Dear Mr. Lasn,
I just finished reading Culture Jam over the past two days, after a friend from my simplicity circle let me borrow it. Since she is "mainstream" and I am "alternative" I was surprised that it was the book she lent to me when I asked her for more information on the voluntary simplicity movement. I started your book with wonder, and even a little awe. I, too, flirted briefly with situationism as a philosophy/sociology major in college (although I have to admit that Guy Debord has stumped me more than any other philosopher I've read before or since- thank god for Vaneigm). But I guess your book brought up a lot of questions for me. First and foremost, I want to tell you claiming that culture jamming isn't "cool" is a crock of shit.
It's funny, since your description of what is wrong with the world is the lack of connection with nature, and conversation in real time, and that your prescription for this is culture jamming (tm). While mentioned as a simple solution, the emphasis is not on talking to each other more, starting salons in living rooms, having indie punk shows in basements, writing groups and musical jam sessions in back yards, hiking clubs free to the public. The emphasis is on fucking things up.

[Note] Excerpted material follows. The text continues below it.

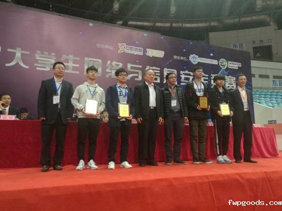 11月 4 日在杭州举办的浙江省首届大学生网络与信息安全竞赛落下帷幕。我校数字信息技术学院代表队郑鑫、林万里、梁何羽戈同学在毕晓东老师的指导下,喜获高职组一等奖,沈昌祥院士为我校学生颁奖。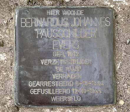 De Stolperstein als herinnering aan de gefusilleerde verzetsman Bernard Evers.

While I agree that fucking things up is good and sometimes necessary, I know it doesn't leave me feeling as fulfilled, in the long term, as reading a book and having a discussion, inviting friends (or elders) over for organic, home-cooked dinner, or having sex in a way that is open, intimate, honest, vulnerable and not like on t.v. Culture jamming makes a good story, it is for show. But, just like
television, it isn't really REAL.
Oh yeah, speaking of t.v. I found it interesting that you spend so much time talking shit about tv, but then spend possibly more time trying to get face time on it. I know it's good to hit them where it hurts, I agree, but since I work at the front desk of a public access station, I can tell you that most public television stinks. When I first started working there, I was excited about the chance to help under-represented groups get on television. Now I know that these under-represented groups include every possible Christian denomination (they left some Bibles here yesterday, and I put them in the lost and found– how's that for culture jamming? or does it only count when a big corporate group is being oppressive? or is it enough to just act like one?), various assortments of hate groups, people who hate Jews, women, Muslims and many other people who I usually walk away from on the street, which is a real time way of changing the channel. Public airwaves, also, do not change the problem of unilateral media. Not everyone has the time or desire to start their own show (some of us would prefer to spend time with our craft, our loved ones or our children) and even public television has to cater to half-second attention spans. Which of this isn't obvious, you publish a magazine (which I can't afford, by the way--and I don't seem to get the "cool" aspects of it the way my rich graphic design student friends in over-priced art schools do) that doesn't feature ads.
I know someone who has this awesome bike space– in Victoria, no less, your home turf– which reuses old bike parts, scraps old metals, serves as an art and community space, teaches homeless people bike repair, is collectively owned and is run by consensus– all the values you claim to adhere to– and they can't place an ad in your rag. Not that they would want to. Your no-ad decision is fair enough, except that you seem to want to get YOUR ads posted
everywhere. Hell, you even charge exorbitant amounts for mass-produced banners and posters! Why shouldn't YOU be paying people to advertise your wares, as you advocate, showing the same amount of decency that Nike has, when they pay that poor kid to shave their logo in his fancy new haircut?
I was also pretty confused by your website. As a person who advocates
turning off your computer, you sure do have an extensive website with a lot of "campaigns" that seem pretty impossible to break into (unless you're a rich art student), kind of like the "activist scene" was when I first started, until I remembered I didn't care. Another element of confusion for me is the culture jamming you attribute to Christian fundamentalists. Excuse me for asking, but who the hell are you forging alliances with?
It's true that the religious right can control television, as evidenced by the American Family Association, Christian Leaders for Responsible Television, the Family Friendly Programming Forum, and other private censorship boards that make a mockery of "tv turn off week," contributing to the control of television content by advertisers (!!) through pre-screening, letting small, powerful pressure groups of "fundamentalist christian culture jammers" dictate the content and lay down moral guidelines by pulling out ads from shows that dare to question nuclear war, feature non-heterosexual couples, or dare to cover the complexity of controversial issues such as single parenting, abortion, assisted suicide, or the pill. Oppression, oppression! That kind of censorship in television, the watered-down television that results, frankly sucks more than public access does.
Living without dead time, to me, is about more than just following your "deprogramming guidelines,"– which is a contradiction in itself, by the way.